A wrapper R script for DESeq2 facilitates DGE analysis of counted sample files.

tiny-plot

The results of feature counting and DGE analysis are visualized with high resolution plot PDFs. User-defined plot styles are also supported via a Matplotlib style sheet.

Full documentation for tiny-plot can be found here.

Outputs

The files produced by each pipeline step are included in the final output directory where they are organized into subdirectories by step.

Data Pre-Processing

fastp is used to trim adapters and remove poor quality reads from FASTQ input files. Summary and quality statistics reports are generated for each library. These reports are used to calculate the pipeline summary statistics for total reads and retained reads.

Collapsed FASTA files

A "collapsed" FASTA contains unique reads found in fastp's quality filtered FASTQ files. Each header indicates the number of times that sequence occurred in the input. This allows for faster bowtie alignments while preserving counts for downstream analysis.
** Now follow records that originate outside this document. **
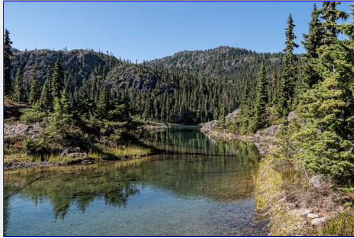
Long side channel on the lake
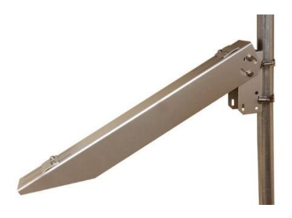
35W Solar Mount

Batteries are an Advance Glass Matt (AGM) type which have good all temperature deep discharge performance.
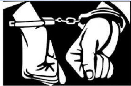
The right to break the law
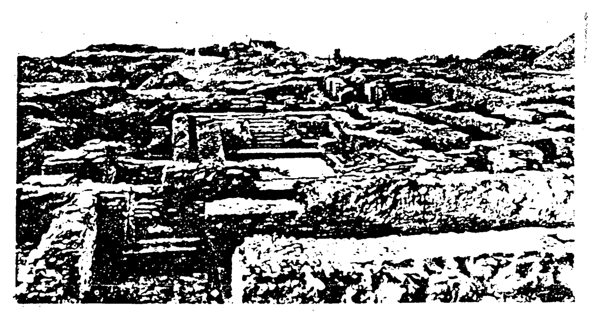
Great Bath, Mohenjo-daro

support kilns which produced them. Probably this along with other reasons possibly led to the desertion of the Harappan regions and the subsequent decline of the civilization.
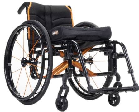
QS5 X - Swing Away
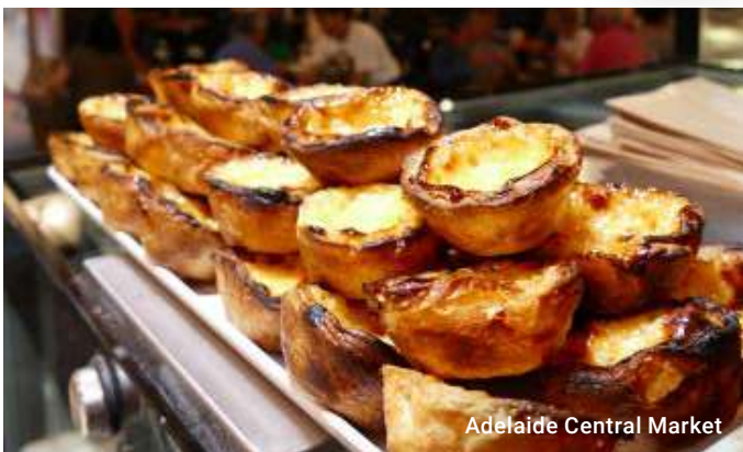
Adelaide Central Market
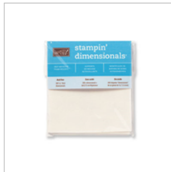
Stampin' Dimensionals 104430
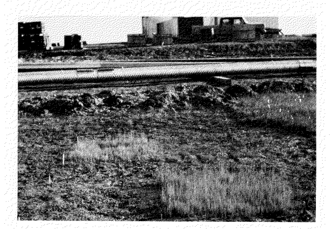
FIG. 4. A portion of the spill area on 1 September 1977 which was seeded to alkaligrass in September 1974. Seedlings established only in plots fertilized with phosphorus.

This seeding experiment possibly represents the first successful establishment of grass seedlings on an arctic tundra site from which all macroflora had been annihilated by oil. The autumn-seeded alkaligrass germinated during the 1975 growing season. Spring rye failed to germinate. However, the most noticeable effect was in the growth and establishment of alkaligrass (Fig. 4), mosses and liverworts in the P-treated plots (Table 3). Without P, alkaligrass seedlings failed to establish and no moss and liverwort bloom developed (Fig. 5). The critical need for P by grass seedlings in the Prudhoe Bay area has been well established in other of our experiments
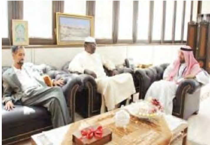
(Malik meets with WAMY in 2011)

Malik (Feb 16, 2011) as reported by Al-Riyadh Saudi news (see photo) meets with the World Assembly of Muslim Youth (WAMY):
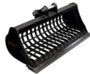
Sieve Buckets 2.5-35 Tonne
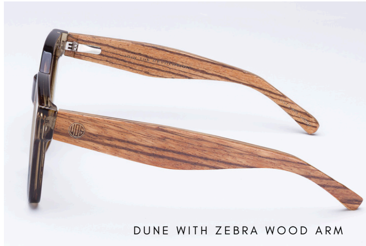
DUNE WITH ZEBRA WOOD ARM
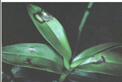
Sunken, dark lesions on dendrobium cane.
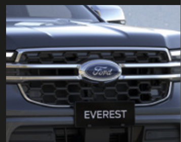
All New Grey Front Grille
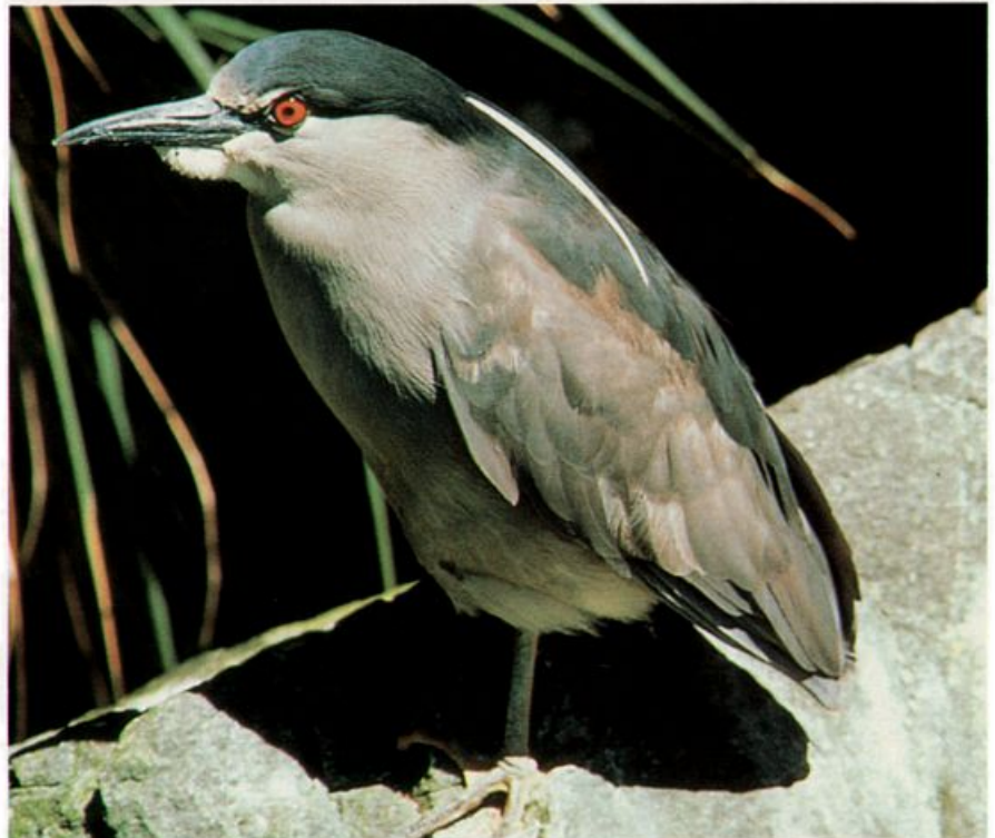
Adult Black-crowned Night-Heron. Photo: Dan Roby/VIREO (r05/2/108)

The Black-crowned Night-Heron ( Nycticorax nycticorax ) is among our most widespread herons in North America (and elsewhere in the world). By contrast, the Yellow-crowned Night-Heron ( Nycticorax violaceus ) has more tropical tendencies. It outnumbers the Black-crowned in parts of the south-
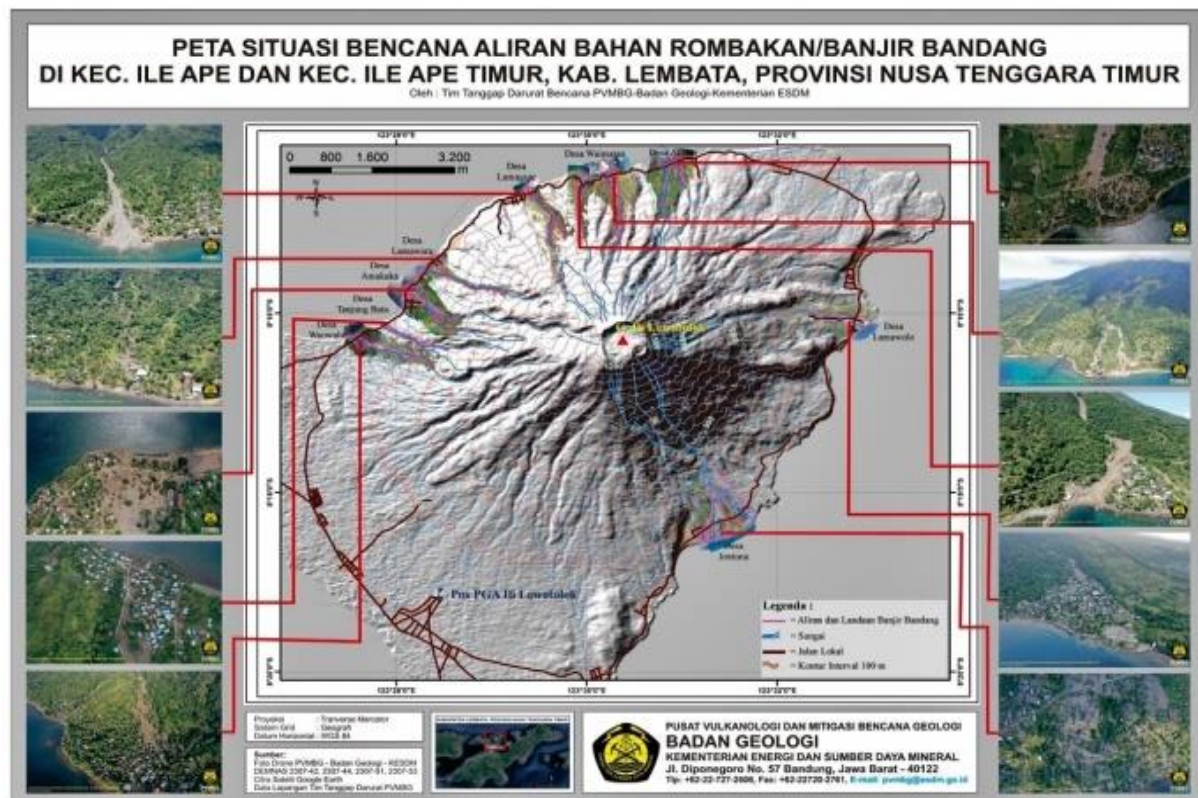
Figure 2: Flood Disaster Situation Caused By Rain And Cyclone Seroja
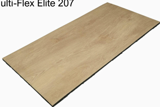
Multi-Flex Elite 207
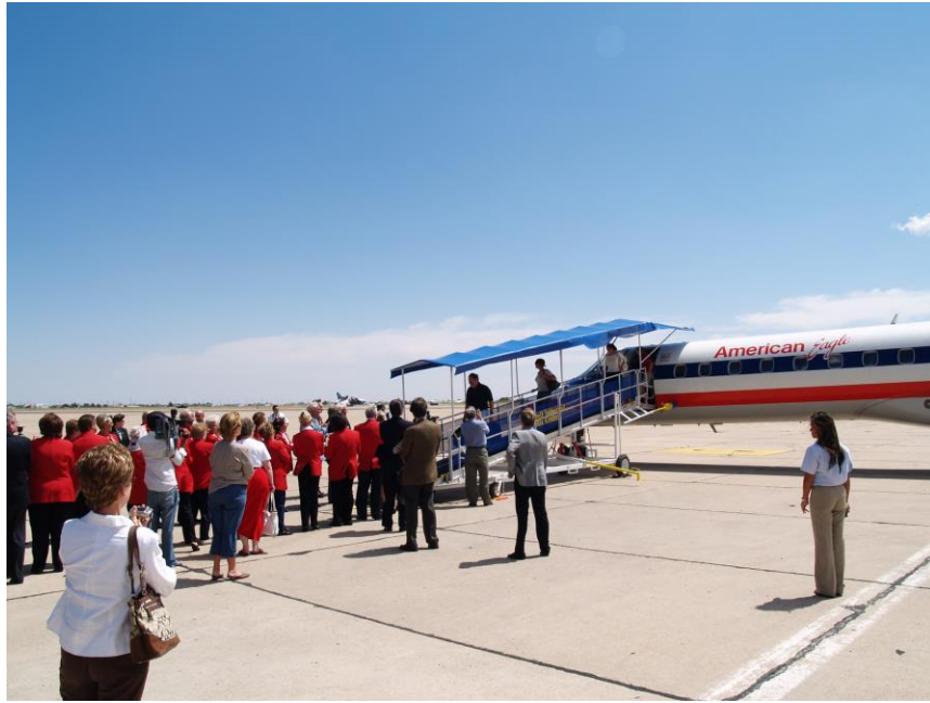
November 19, 2022 - Passengers arriving on American Eagle's inaugural flight into Roswell New Mexico received a warm welcome on September 5, 2007.
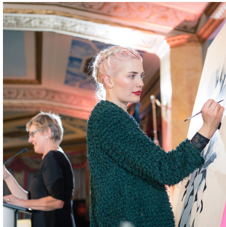
VINEart Gala Auction, Fairmont Banff Springs Hotel
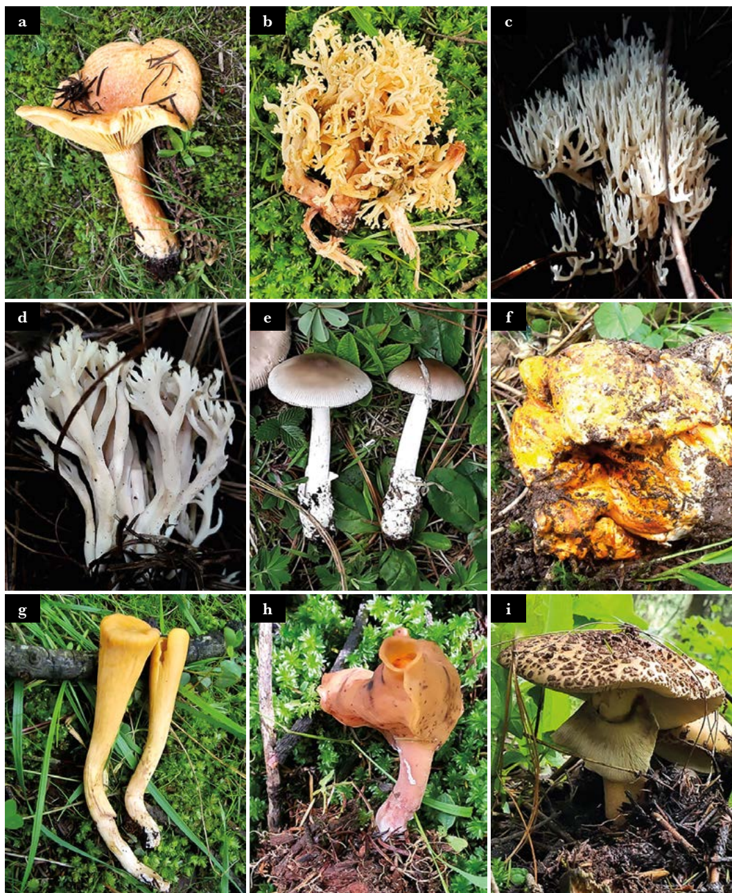
Figure 2. Wild edible mushrooms consumed in Santa Ana Jilotzingo: a) Lactarius deliciosus (enchilado=seasoned with chili); b) Ramaria sp. (patita de pájaro=bird's little leg); c) Phaеоclavulina sp. ("ixlitos"); d) Clavulina cinerea ("ixlitos"); e) Amanita vaginata ("comal"); f) Hypomyces lactifluorum (trompa de cochino=pig's trunk); g) Clavariadelphus truncatus (chichi de vaca=cow udder); h) Gyromitra infula ("chamacuero"); and i) Amanita aff. novinupta ("solis").

represent a greater biocultural abundance than other areas of central Mexico (Domínguez-Romero et al. , 2015; Montoya et al. , 2019). Forty-nine percent of the 99 traditional names documented in Santa Ana Jilotzingo belong to simple primary names given by the shape of some object, such as comales (griddle), panalito (honeycomb), mazorca (corn cob), or
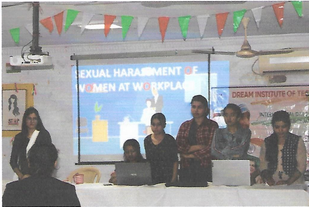
Drama performed by girls

The Program was ended by vote of thanks to Program Convenor.
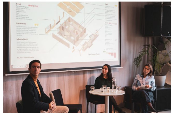
The Common Agenda for Shared Living (2021)
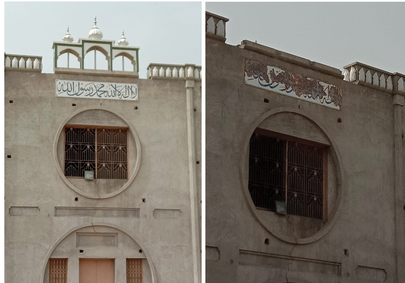
Images before and after the incident

As for the Kalima, the DSP insisted that Ahmadis remove it themselves. He was told that Ahmadis will not do that, but will not resist the police.
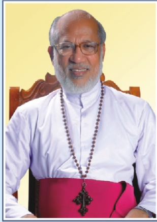
His Excellency Mar George Alencherry (Major Archbishop of Ernakulam-Angamaly)
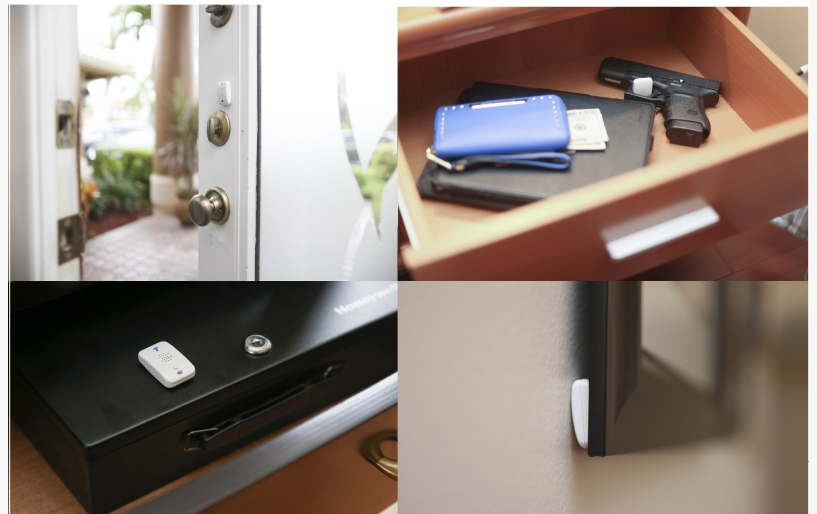
UMS HomeShield Monitoring anything
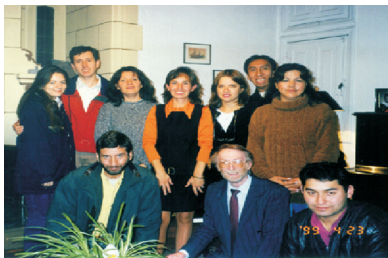
Part of the career group

Son of Man's Mission P.O. Box 747 Bremerton, WA 98337
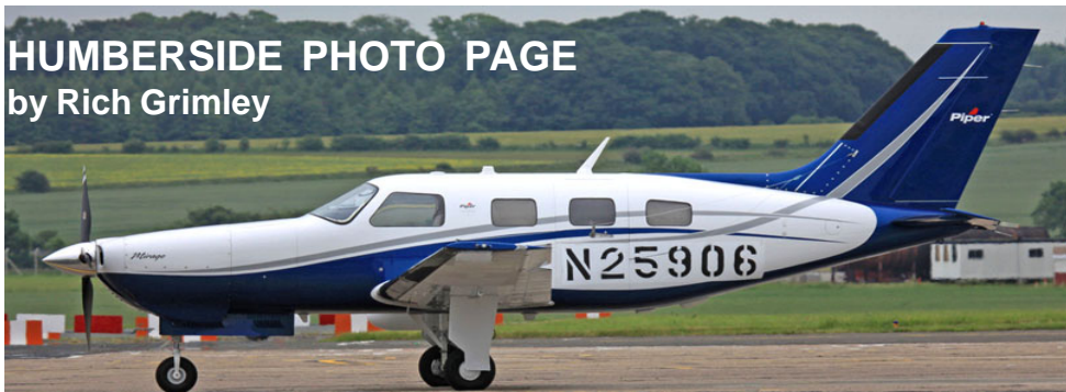
PA-46T Malibu Mirage N25906 parked up on 21/6, was on delivery from the USA to Poland
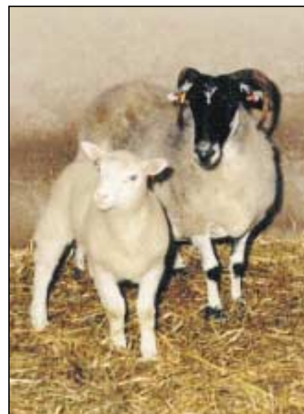
Dolly (cloned from a mammary gland cell of a Finn Dorset ewe) and her Scottish Blackface surrogate mother

Sheep, mice, cattle, goats, monkeys, and pigs are all mammals. Remember the definition of a mammal from your high school biology textbook? Mammals are animals that:
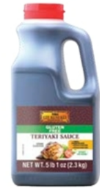
Gluten Free Teriyaki Sauce 無麩質照燒汁
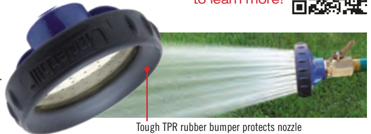
Tough TPR rubber bumper protects nozzle
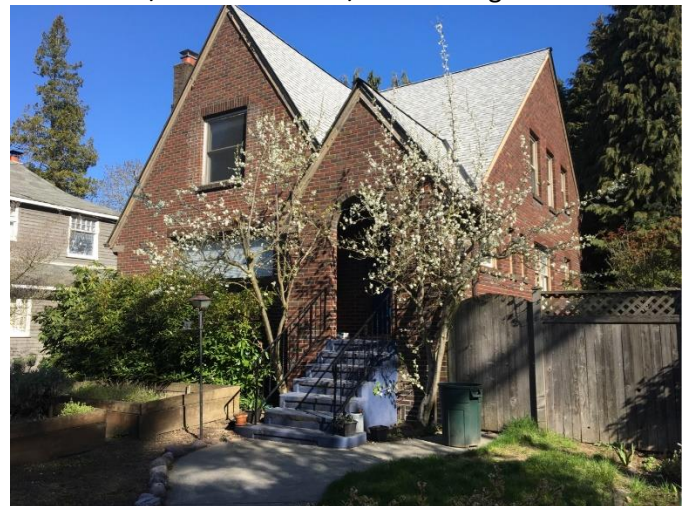
Grade 8/ Year Built 1929/ Total Living Area 2,190sf
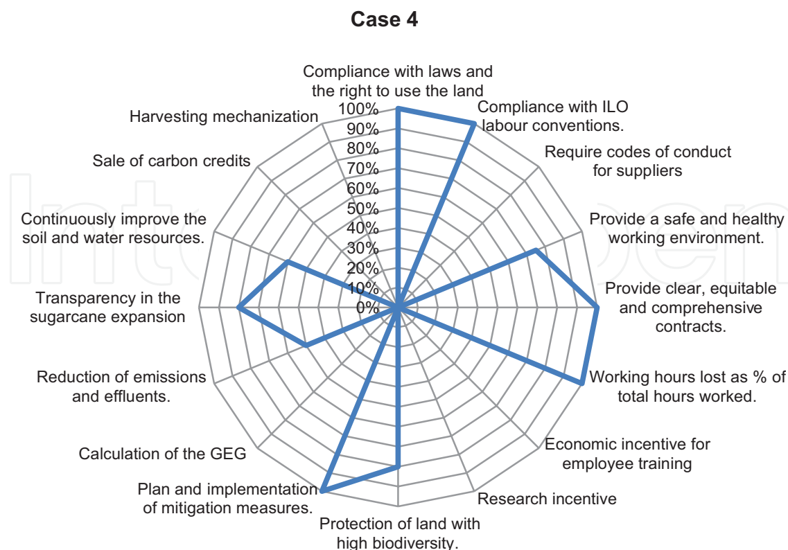
Figure 4. Attendance of Case 4 for each criterion of Bonsucro, in percentage.

The differences to be highlighted are the money set aside by mills to invest in employee training and research, which ranges from critical to acceptable; the percentage of hours lost at work; and the requirement of sugar mills to suppliers of codes of conduct, ranging from critical to ideal.
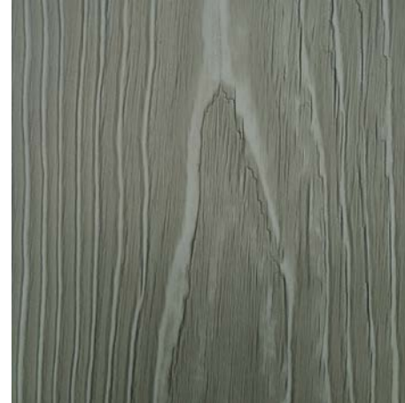
EP.555.005.B brushed spruce / matt
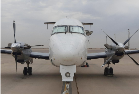
Raytheon 1900D Cockpit HeatShields

Cockpit Heatshields are interior sunshades for the aircraft's cockpit. The product is a unique composite of closed-cell foam with a silver mylar finish. The semi-rigid design is stiff enough to stand inside the window framing. The set folds up flat and is easily stored in the included storage sleeve. Some designs may require velcro and suction cups. A Heatshield is an excellent short-term remedy for cockpit overheating, but an external fabric cover is more effective for long-term protection.
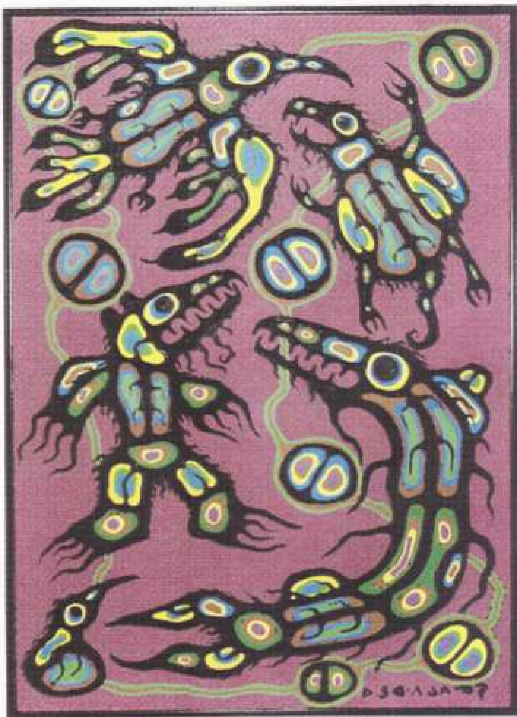
ARTIST: NORVAL MORRISSEAU SIZE: 56.5" X 34"
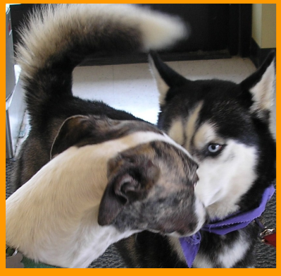
I love your eyes Petsmart Pensacola, Fl
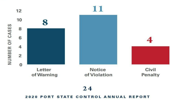
USCG Annual Report: BWM Deficiencies in Brief
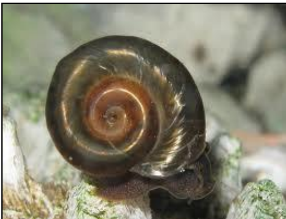
Ramshorn Helisoma Trivolvis

A Ramshorn's whorled shell lays flat, unlike the protruding whorls of the Chinese Mystery Snail.
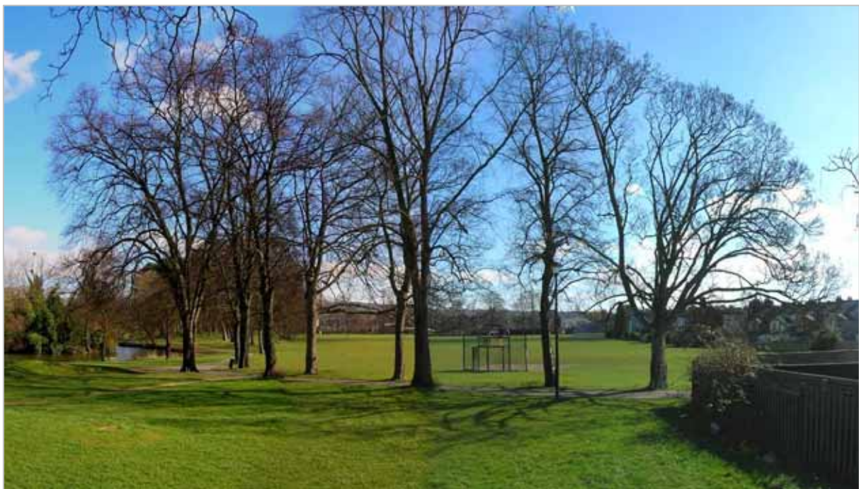
2007 Sycamore avenue defines this character area to the east

This character area is predominantly grassed parkland with scattered medium to mature trees. To the east the ground is flat, with man made bunds rising steeply to the south-west. The mature Sycamores ( Acer pseudoplatanus ) form a north-south avenue and continue to follow the hard, bitmac surfaced footpath when it splits to follow the southern Lakeside to the east and west.
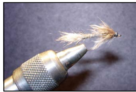
Steps 6, 7, 8 Finished Fly

6. Just behind the eyes, or at the point where the herl thorax ends (if you choose not to use eyes), tie in an immature feather (called an "aftershaft") from a pheasant back; it should be tied in by its tip. You will find these feathers behind the

Counts and Pipeline Statistics

The tiny-count step produces a variety of outputs

Feature Counts

Custom Python scripts and HTSeq are used to generate a single table of feature counts which includes each counted library. Each matched feature is represented with the following metadata columns:

  • Feature ID is determined, in order of preference, by one of the following GFF column 9 attributes: ID, gene_id, Parent.
  • Classifier is determined by the rules in your Features Sheet. It is the Classify as... value of each matching rule. Since multiple rules can match a feature, some Feature IDs will be listed multiple times with different classifiers.
  • Feature Name displays aliases of your choice, as specified in the alias key under each GFF listed in your Paths File. If alias is set to ID, the Feature Name column is left empty.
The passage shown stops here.